**WHAT YOU SHOULD DO**
A word-for-word copy of the listing, free of images, is the expected answer.

**INFORMATION PROVIDED**
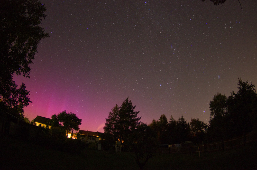 Im Burgkunstadt gab es auch Polarlicht. Eigentlich bin ich wegen der Perseiden mal rausgefahren um zu schauen was so los ist. Ab 23 Uhr war es durchgehend auf dem Display leicht rötlich am Horizont. Hab dann weiter nach den Perseiden ausschau gehalten. Irgendwann hab ich dann mal wieder in Richtung Nordwesten fotografiert und prompt ging es gegen 01:05 MESZ nach ein paar Fotos ohne Polarlicht auch gleich los mit schwachen Beamern. Diese wurden schnell heller und man konnte sie als weiße Strahlen eindeutig gut erkennen. Im weiteren Verlauf sind sie dann weiter nach Norden gewandert und haben sich immer mehr abgeschwächt. Bis 02:30 war weiter fotografisches Polarlicht zu sehen. Danach hab ich abgebaut und bin nach Hause.
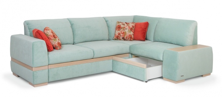 - Large modular sofa "Mista" it is distinguished by the use of an innovative filler “Sorel” in the back cushions, repeating the shape of a seated person who feels “immersed” in a sofa. This creates additional comfort. Decorative inserts and legs are made of wood in the color of wenge or walnut. You can also order a wooden lining on the armrests. A large bed is formed almost without occupying additional room space. This allows you to make the mechanism "dolphin".The model is equipped with a roll-out storage space.
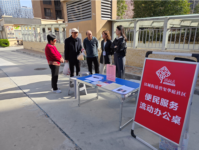 “流动服务办公桌”进小区、入家门、了民情、听民意。社区服务情系千家万户,为了推进治理服务落实到最后一米,充分掌握社情民意。2月以来,汉城街道碧玺华庭社区定期在管辖的4个小区摆放流动办公桌,社工、楼栋长和志愿者错时服务,入户走访征询意见、建议和微心愿24条,及时掌握居民需求7个,预防初期纠纷和潜在矛盾4起,交办业委会督促物业整治安全隐患9起,做到早发现早预防早干预早处置,提高为民服务和民主议事协商的精准化和高效化。
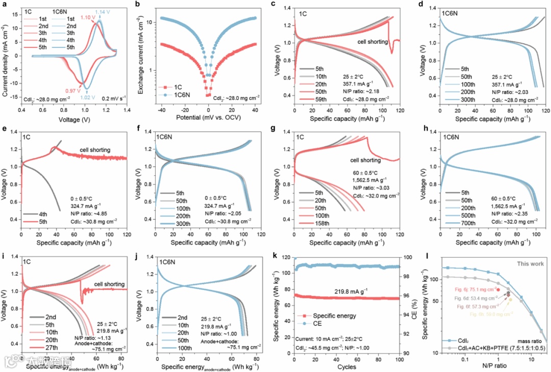 Fig. 6: Rechargeable capability of high-loading Cd||CdI2 full cells in 1 C and 1C6N electrolytes.

**ANSWER SECTION**
 Im Burgkunstadt gab es auch Polarlicht. Eigentlich bin ich wegen der Perseiden mal rausgefahren um zu schauen was so los ist. Ab 23 Uhr war es durchgehend auf dem Display leicht rötlich am Horizont. Hab dann weiter nach den Perseiden ausschau gehalten. Irgendwann hab ich dann mal wieder in Richtung Nordwesten fotografiert und prompt ging es gegen 01:05 MESZ nach ein paar Fotos ohne Polarlicht auch gleich los mit schwachen Beamern. Diese wurden schnell heller und man konnte sie als weiße Strahlen eindeutig gut erkennen. Im weiteren Verlauf sind sie dann weiter nach Norden gewandert und haben sich immer mehr abgeschwächt. Bis 02:30 war weiter fotografisches Polarlicht zu sehen. Danach hab ich abgebaut und bin nach Hause.
 - Large modular sofa "Mista" it is distinguished by the use of an innovative filler “Sorel” in the back cushions, repeating the shape of a seated person who feels “immersed” in a sofa. This creates additional comfort. Decorative inserts and legs are made of wood in the color of wenge or walnut. You can also order a wooden lining on the armrests. A large bed is formed almost without occupying additional room space. This allows you to make the mechanism "dolphin".The model is equipped with a roll-out storage space.
 “流动服务办公桌”进小区、入家门、了民情、听民意。社区服务情系千家万户,为了推进治理服务落实到最后一米,充分掌握社情民意。2月以来,汉城街道碧玺华庭社区定期在管辖的4个小区摆放流动办公桌,社工、楼栋长和志愿者错时服务,入户走访征询意见、建议和微心愿24条,及时掌握居民需求7个,预防初期纠纷和潜在矛盾4起,交办业委会督促物业整治安全隐患9起,做到早发现早预防早干预早处置,提高为民服务和民主议事协商的精准化和高效化。
 Fig. 6: Rechargeable capability of high-loading Cd||CdI2 full cells in 1 C and 1C6N electrolytes.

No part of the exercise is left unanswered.